In this case I don't see any reason why not, under the as-if rule the compiler only has to emulate the observable behavior of the program. A quick experiment using godbolt:
#include <tuple>
#include <cstdio>
void func( int x1, int x2,int x3, int x4)
{
std::tuple<int,int,int,int> t{x1,x2,x3,x4};
int a, b, c, d; // in real context these names would be meaningful
std::tie(a, b, c, d) = t;
printf( "%d %d %d %d\n", a, b, c, d ) ;
}
shows that gcc does indeed optimize it away:
func(int, int, int, int):
movl %ecx, %r8d
xorl %eax, %eax
movl %edx, %ecx
movl %esi, %edx
movl %edi, %esi
movl $.LC0, %edi
jmp printf
On the other hand if you used a address of t
and printed it out, we now have observable behavior which relies on t
existing (see it live):
printf( "%p\n", static_cast<void*>(&t) );
and we can see that gcc no longer optimizes away the t
:
movl %esi, 12(%rsp)
leaq 16(%rsp), %rsi
movd 12(%rsp), %xmm1
movl %edi, 12(%rsp)
movl $.LC0, %edi
movd 12(%rsp), %xmm2
movl %ecx, 12(%rsp)
movd 12(%rsp), %xmm0
movl %edx, 12(%rsp)
movd 12(%rsp), %xmm3
punpckldq %xmm2, %xmm1
punpckldq %xmm3, %xmm0
punpcklqdq %xmm1, %xmm0
At the end of the day you need to look at what the compiler generates and profile your code, in more complicated cases it may surprise you.
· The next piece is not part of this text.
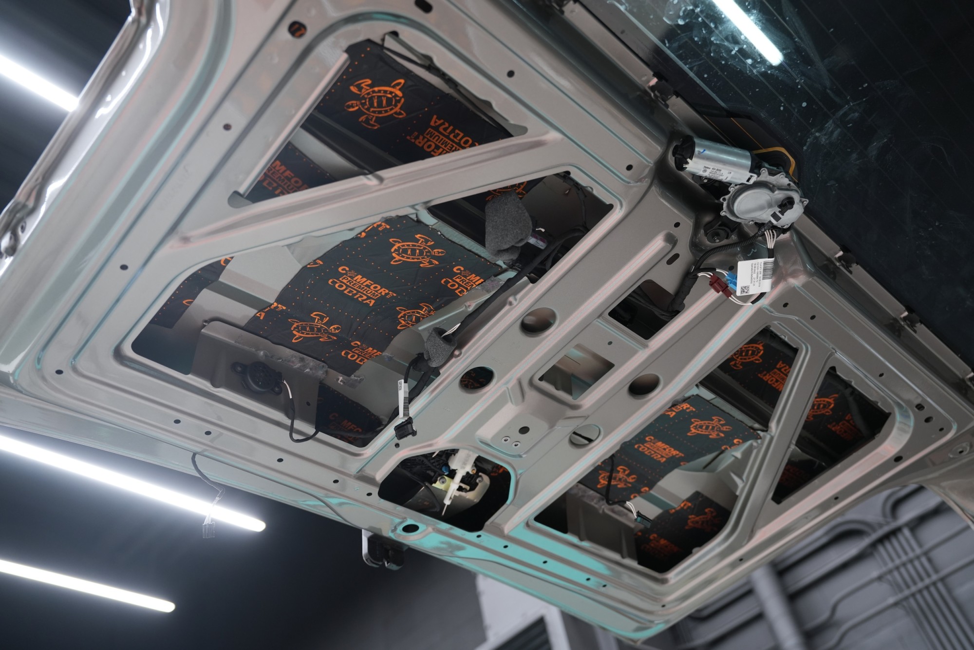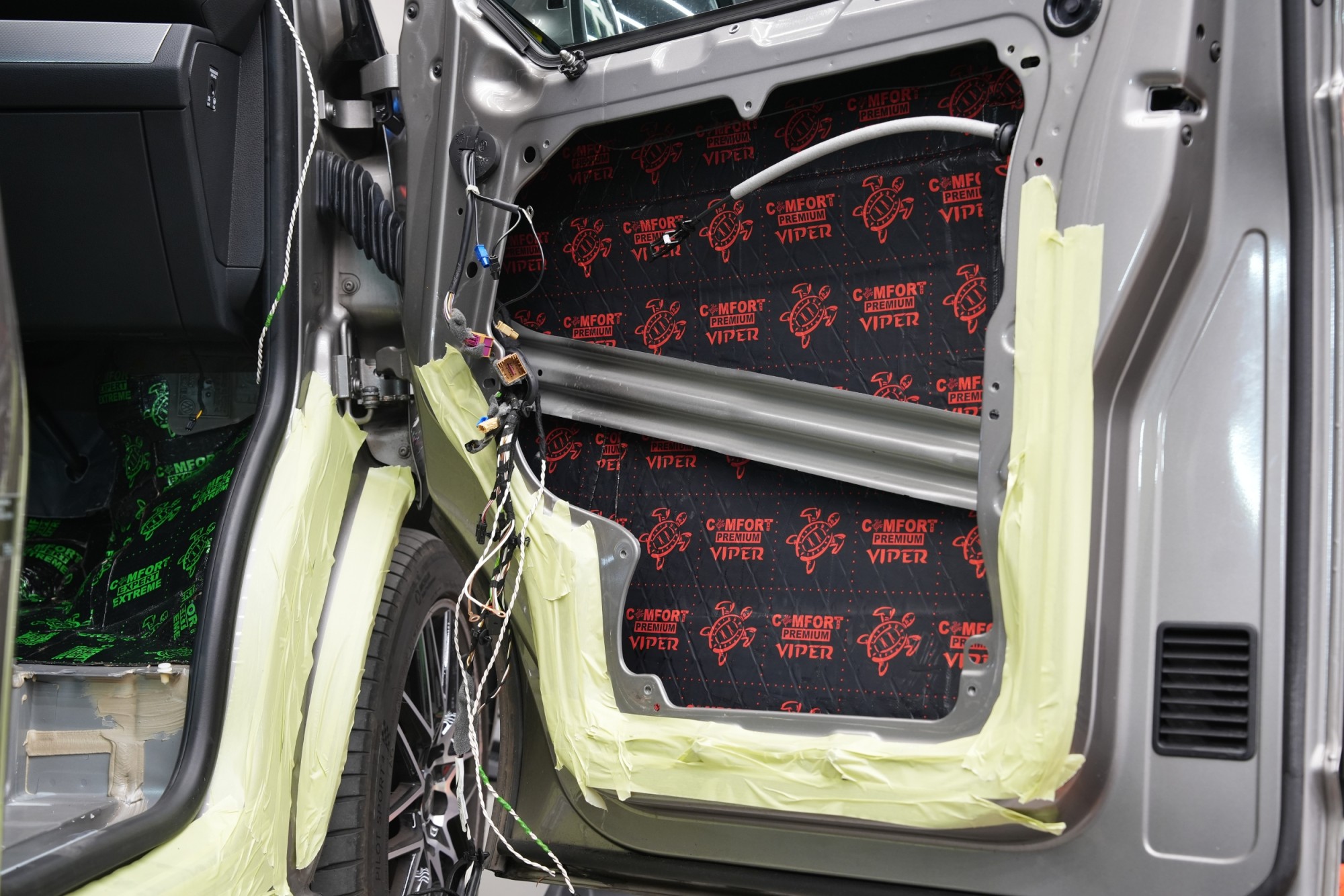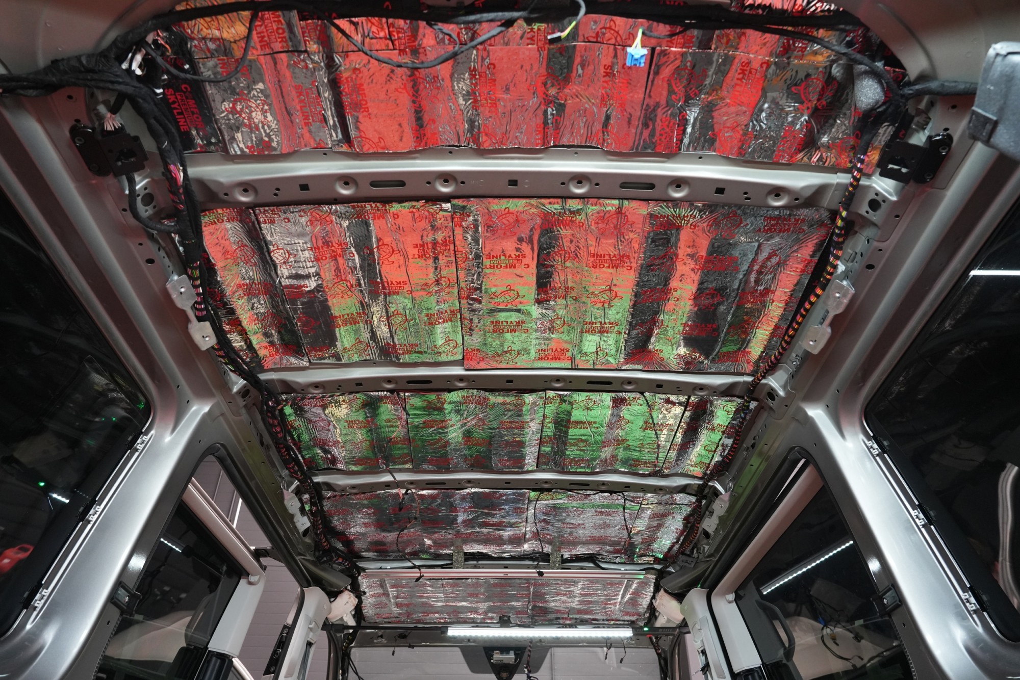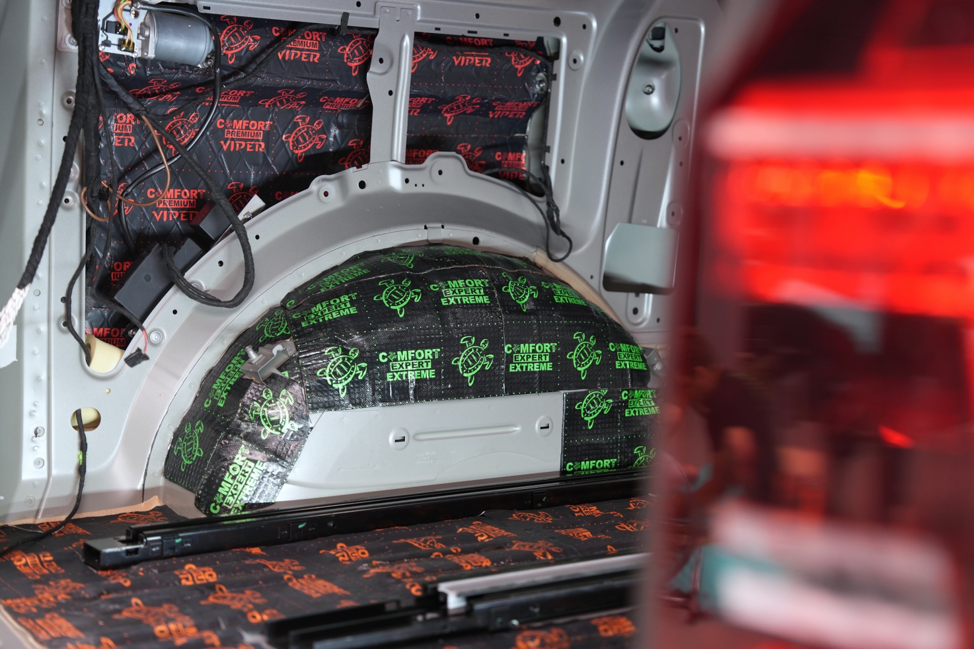 Boční pohled na interiér po aplikaci první vrstvy antivibračních materiálů. Na přední části podlahy a podbězích je použit zelený Comfortmat Extreme s dvojitou hliníkovou fólií a tloušťkou 3,5 mm, který je určen pro nejvíce namáhané plochy. Na podlaze navazuje oranžový Comfortmat Cobra o tloušťce 2,3 mm a na ostatních částech karoserie červený Comfortmat Viper s tloušťkou 3 mm. Nejen nadstandardní tloušťka, ale především vysoký akustický ztrátový činitel všech použitých materiálů umožňuje efektivní potlačení vibrací napříč celou karoserií a vytváří pevný základ pro další vrstvy odhlučnění.

Just because the compiler is allowed to do certain optimizations does not mean it will. I have looked at more complicated cases where the compiler does not do what I would expect with std::tuple
. godbolt is a very helpful tool here, I can not count how many optimizations assumptions I used to have that were upended by plugging in simple examples into godbolt.
Note, I typically use printf
in these examples because iostreams generates a lot of code that gets in the way of the example.